Model | Publications | # Params | Code and Materials | EER(%) | Min-DCF |
---|---|---|---|---|---|
ResNet34 + EDA + BDA-F | Huang et al. 24' | 8.25M | Supplementary Materials | 6.32 | 0.643 |
ERes2Net-Large | Chen et al. 23' | 22.46M | Code Implementation | 6.43 | 0.611 |
ERes2Net + EDA + BDA-F | Huang et al. 24' | 10.21M | Supplementary Materials | 6.93 | 0.672 |
ERes2Net-Base | Chen et al. 23' | 6.61M | Code Implementation | 7.21 | 0.666 |
CAM++ + EDA + BDA-C | Huang et al. 24' | 8.19M | Supplementary Materials | 7.61 | 0.734 |
CAM++ | Wang et al. 23' | 7.2M | Code Implementation | 7.8 | 0.723 |
ECAPA-TDNN | Desplanques et al. 20' | 20.8M | Code Implementation | 8.87 | 0.732 |
Model | Publications | # Params | Code | EER(%) | Min-DCF |
---|---|---|---|---|---|
ResNet34 + EDA + BDA-F | Huang et al. 24' | 8.25M | Supplementary Materials | 8.27 | 0.730 |
ERes2Net + EDA + BDA-F | Huang et al. 24' | 10.21M | Supplementary Materials | 9.22 | 0.750 |
ERes2Net-Large | Chen et al. 23' | 22.46M | Code Implementation | 9.54 | 0.711 |
CAM++ + EDA + BDA-C | Huang et al. 24' | 8.19M | Supplementary Materials | 9.66 | 0.757 |
ERes2Net-Base | Chen et al. 23' | 6.61M | Code Implementation | 9.87 | 0.752 |
CAM++ | Wang et al. 23' | 7.2M | Code Implementation | 11.3 | 0.783 |
ECAPA-TDNN | Desplanques et al. 20' | 20.8M | Code Implementation | 12.26 | 0.805 |
Model | Publications | # Params | Code | EER(%) | Min-DCF |
---|---|---|---|---|---|
ResNet34 + EDA + BDA-F | Huang et al. 24' | 8.25M | Supplementary Materials | 10.06 | 0.840 |
CAM++ + EDA + BDA-C | Huang et al. 24' | 8.19M | Supplementary Materials | 10.60 | 0.844 |
ERes2Net + EDA + BDA-F | Huang et al. 24' | 10.21M | Supplementary Materials | 11.28 | 0.861 |
ERes2Net-Large | Chen et al. 23' | 22.46M | Code Implementation | 11.4 | 0.827 |
ERes2Net-Base | Chen et al. 23' | 6.61M | Code Implementation | 12.3 | 0.870 |
CAM++ | Wang et al. 23' | 7.2M | Code Implementation | 13.4 | 0.886 |
ECAPA-TDNN | Desplanques et al. 20' | 20.8M | Code Implementation | 14.52 | 0.913 |
Models | Publications | # Params | Code | trial cross device | trial cross distance | trial cross dialect | |||
---|---|---|---|---|---|---|---|---|---|
EER(%) | Min-DCF | EER(%) | Min-DCF | EER(%) | Min-DCF | ||||
RDINO | Chen et al. 22' | 45.44M | Code Implementation | 20.4 | 0.972 | 21.9 | 0.966 | 25.5 | 0.999 |
Model | Publications | # Params | Code | Accuracy(%) |
---|---|---|---|---|
CAM++ | Wang et al. 23' | 7.2M | Code Implementation | 29.36 |
We'll now clarify common questions about our dataset for you:
Question 1: The dataset is too large and we often experience interruptions during download. How can this be resolved?

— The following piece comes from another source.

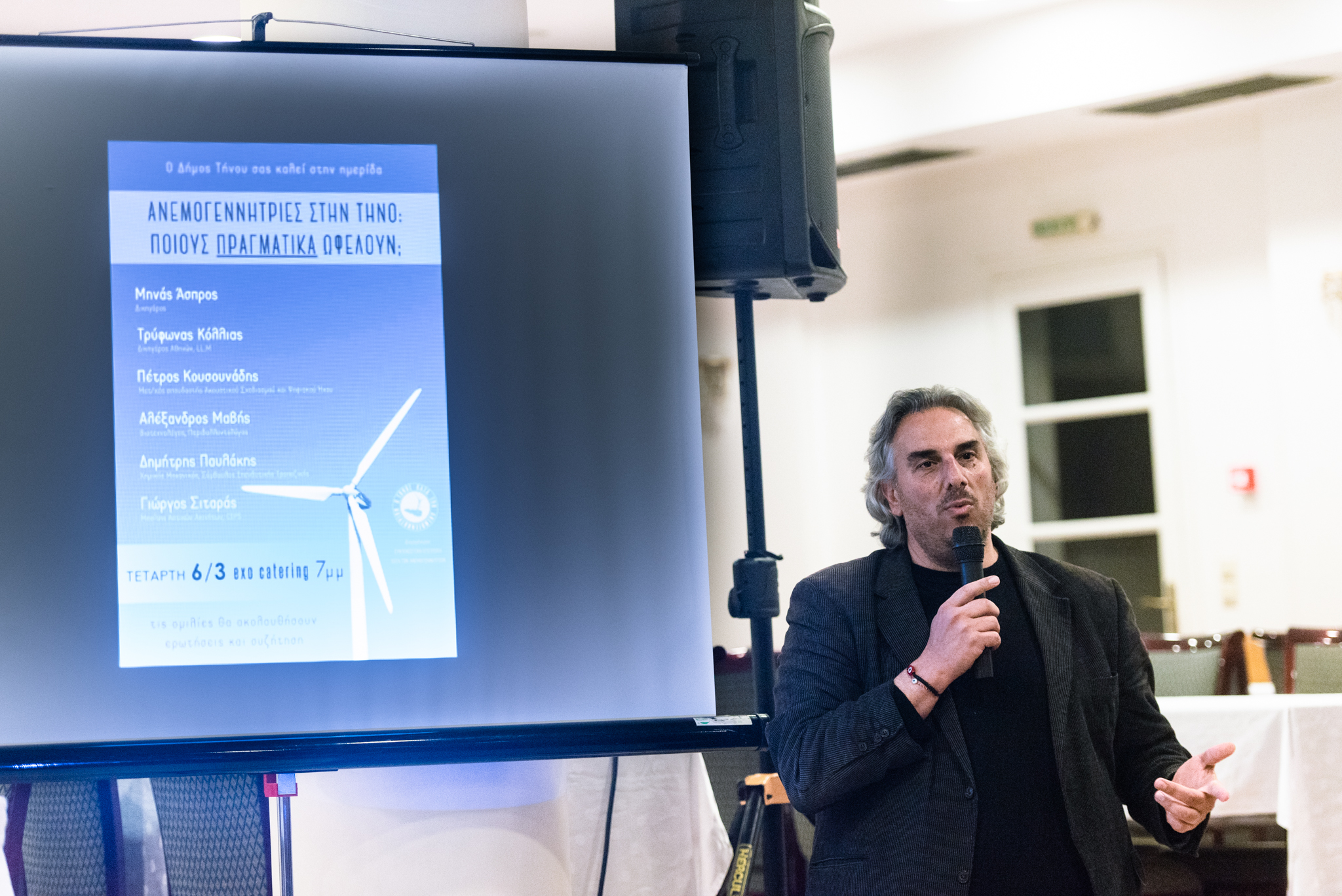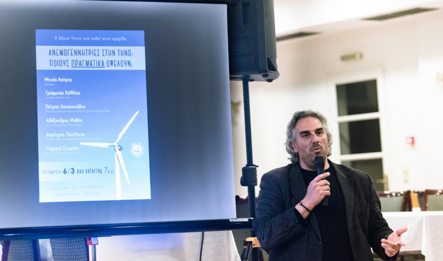 Πραγματοποιήθηκε την Τετάρτη 6 Μαρτίου στην κατάμεστη αίθουσα δεξιώσεων του exo catering, ημερίδα με θέμα «Ανεμογεννήτριες στην Τήνο: Ποιους πραγματικά ωφελούν;». Η ημερίδα διοργανώθηκε από την Συντονιστική Επιτροπή κατά των ΒΑΠΕ, η οποία διαχειρίζεται την σελίδα στο facebook «Η Τήνος κατά των Ανεμογεννητριών», με την συμπαράσταση και αρωγή του Δήμου Τήνου.

Answer: We have split the data into several sub-files. You can download each sub-file separately and then merge them. Please verify the integrity of the files using the provided MD5 checksums. For specific filenames and download links, please refer to our code.
Question 2: It seems that some audio files in the dataset do not have transcripts provided?
Answer: Please note that each audio segments are recorded simultaneously by multiple devices, so the text annotations are identical across devices. For each utterance we provided text annotations on one of the devices. You can re-link text annotations to all audio segments using device ID and utterance ID. Please also note that text annotations are provided only on Mandarin Chinese utterances.